Cartagena Atlético
- Full name: Cartagena Atlético
- Founded: 1972
- Dissolved: 1998
- Ground: Ciudad Deportiva Gómez Meseguer Cartagena, Spain
- Capacity: 3,500
- 1997–98: 3ª - Group 13, 20th of 20
| Home colours | Away colours |

= Cartagena Atlético =

Spanish football club

Cartagena Atlético was a Spanish football team based in Cartagena, in the Region of Murcia.

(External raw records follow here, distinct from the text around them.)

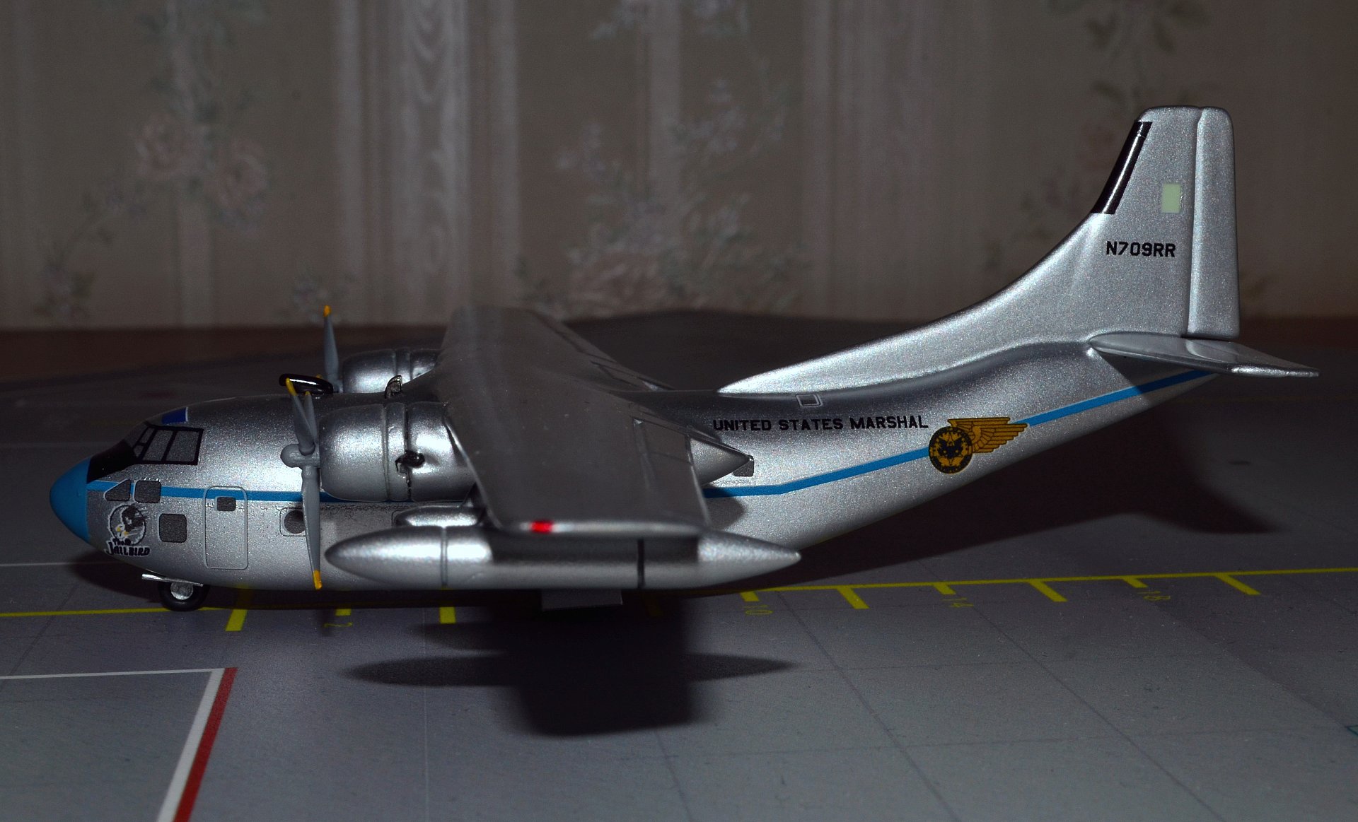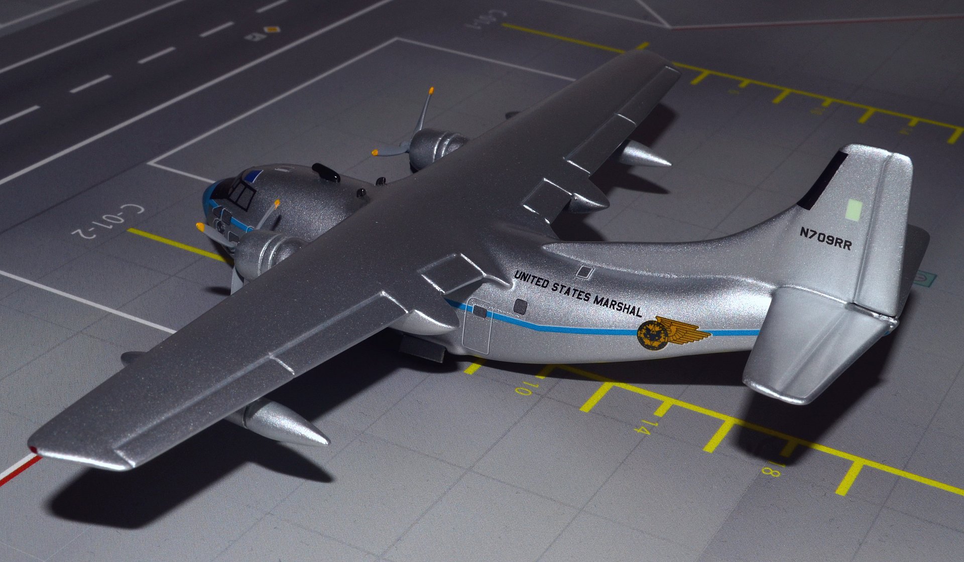 Всем доброго дня! Сегодня представляю Вашему вниманию модель самолета Fairchild C-123K Provider с бортовым номером N709RR, US MARSHAL от производителя Sky Classic, в масштабе 1:200, который был показан в фильме «Воздушная Тюрьма», для транспортировки заключённых.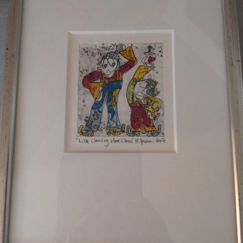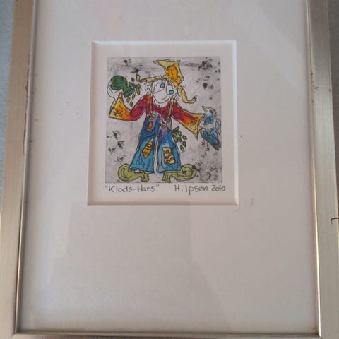 H. Ipsen "Klods-Hans" kunsttryk med ramme. Motivet viser en farverig figur med hat, fugl i hånden og store sko. Trykket er dateret 2007 og er monteret i passepartout. Rammen er i metal med lys overflade og har synlige brugsspor og misfarvninger flere steder. Velegnet som vægdekoration i stue, gang eller børneværelse.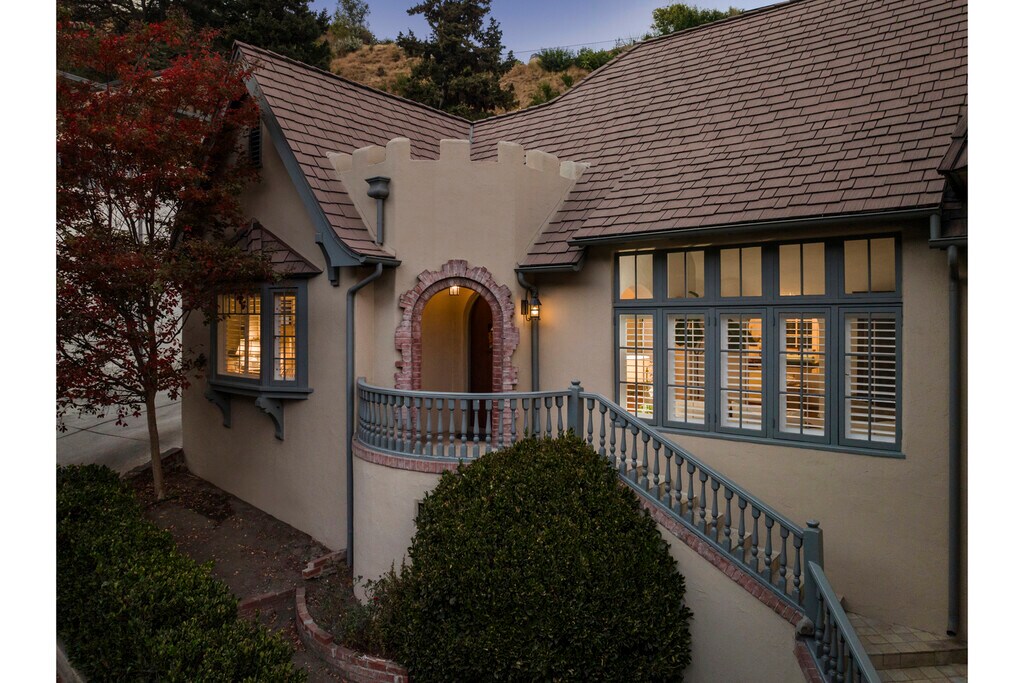 Stunning Beachwood Canyon Storybook English home. Offering 2,612 square feet of refined living space, this property includes a 3-bedroom, 2.5-bathroom main home and a thoughtfully designed newer construction ADU above the garage. Complete with a kitchenette, full bath, and custom Murphy bed, the ADU serves as an ideal space for guests, a home office, or a private getaway. Step inside the main house to discover exquisite hardwood floors, period details, and stunning stained-glass accents. The sunken living room, crowned with 11-foot ceilings, is centered around a charming fireplace, while the adjacent formal dining room opens through French doors to a spectacular outdoor space designed for entertaining. The chef's kitchen is a true entertainer's delight, featuring a Viking 6-burner range with griddle, Viking refrigerator, Calcutta marble countertops, and a lovely breakfast nook perfect for slow mornings and lively conversations. Downstairs, two flexible spaces offer endless possibilities: a gym or playroom and a separate den/office with its own custom Murphy bed. Outside, an inviting private sanctuary awaits complete with an outdoor fireplace, a 36" Coyote grill at the drink station, and a whimsical treehouse that adds a touch of magic to the lush backyard. Set in a prime Beachwood Canyon location, this home provides the perfect balance of tranquility and accessibility, just moments from scenic hiking trails, Beachwood Cafe, and Beachwood Market. Additional conveniences include covered parking with a 220V outlet for EV charging, a second driveway space, and ample guest parking behind the home on the street-to-street lot. Available unfurnished, with the ADU included. Pet-friendly because every home should welcome a woof and a meow!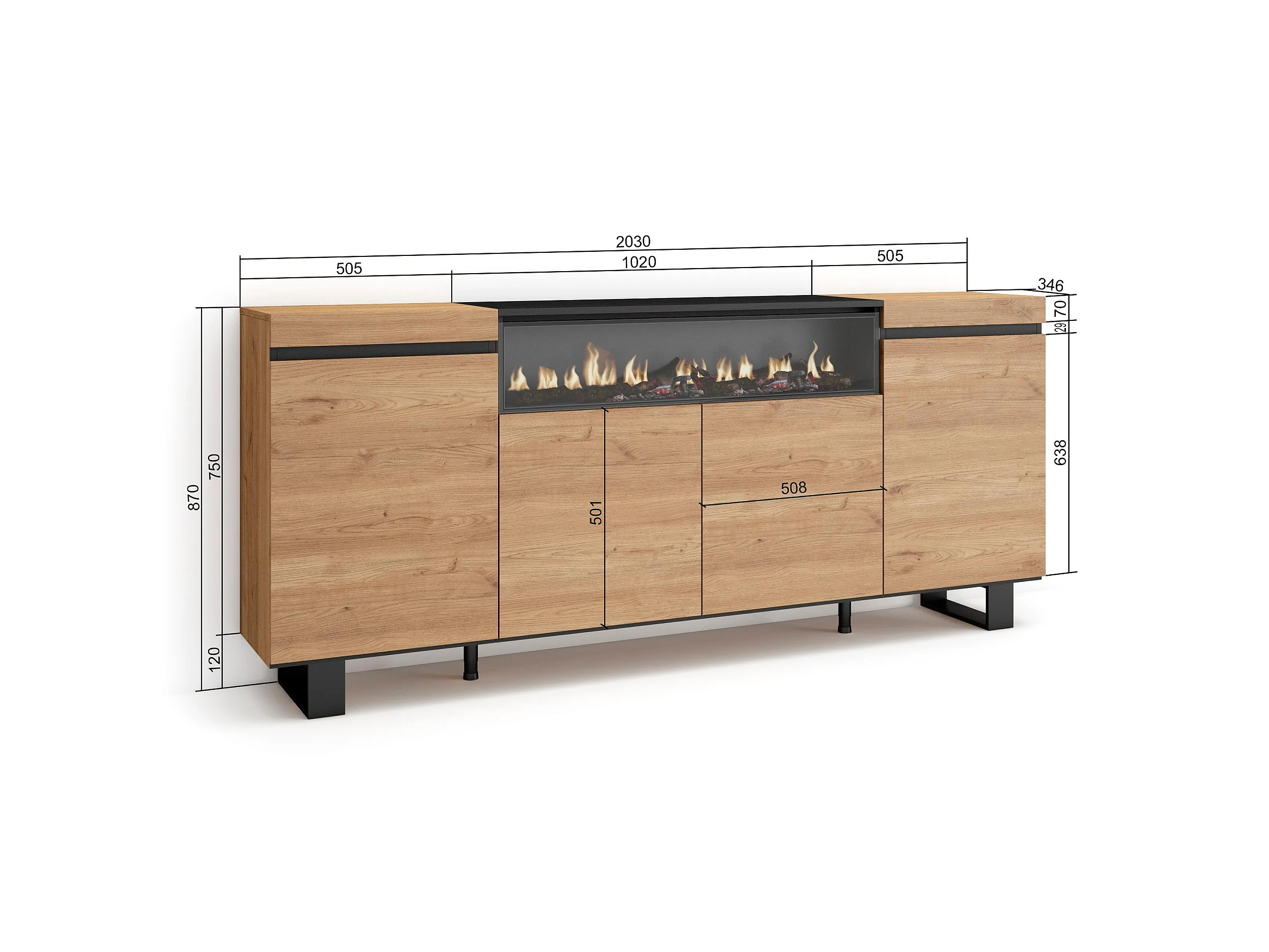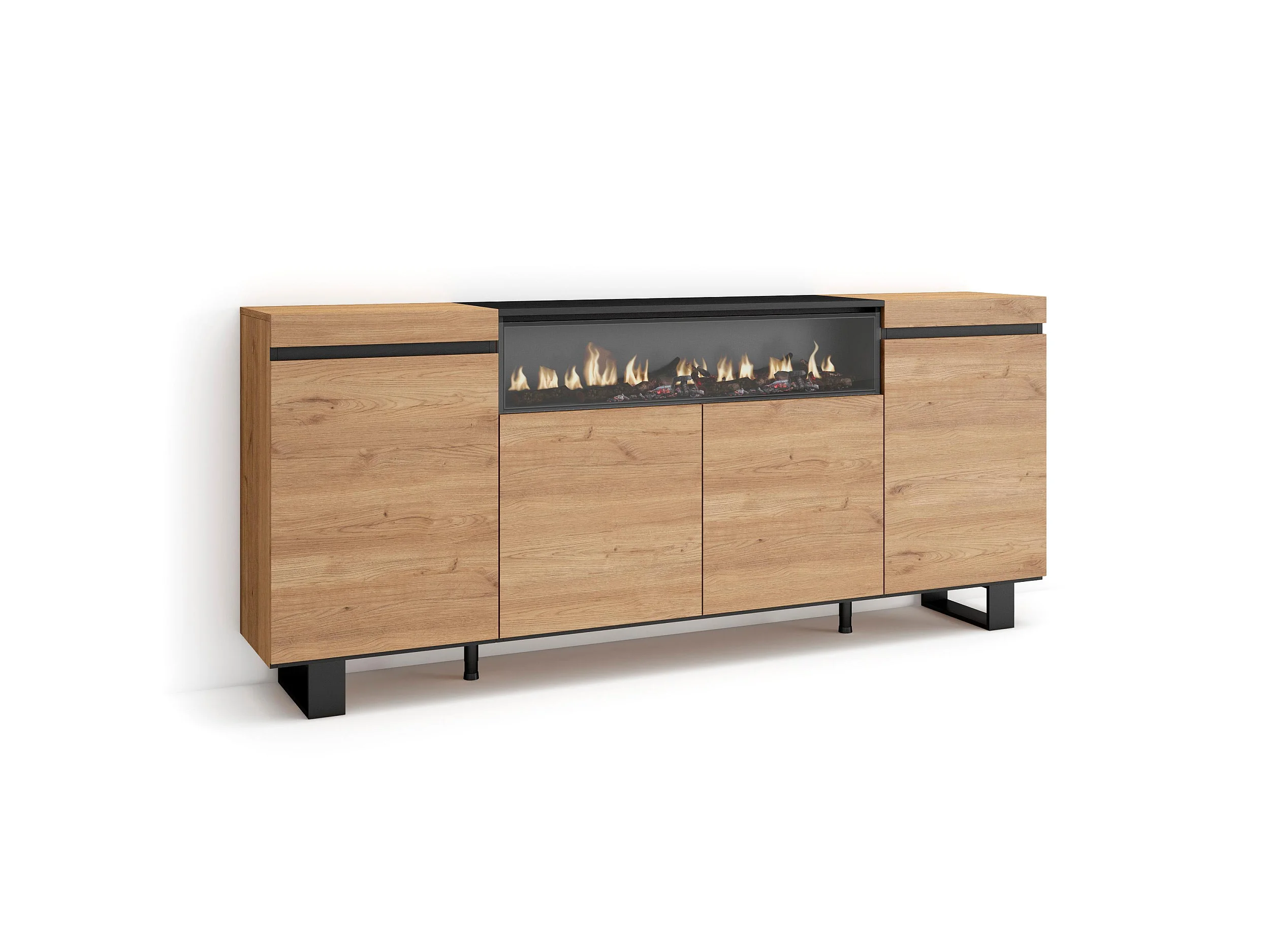 Aparadores para salón, 200x35x87cm, 4 Puertas, Chimenea eléctrica, Diseño industrial, Roble y negro

Founded in 1972 and dissolved in 1998, they played their last season in Tercera División – Group 13, holding home games at Ciudad Deportiva Gómez Meseguer, with a capacity for 3,500 spectators.

==History==
Founded in 1972 as La Unión Athletic, the club only opened a senior side in 1979, after CD La Unión were dissolved. They first reached the Tercera División in 1987, being immediately relegated back.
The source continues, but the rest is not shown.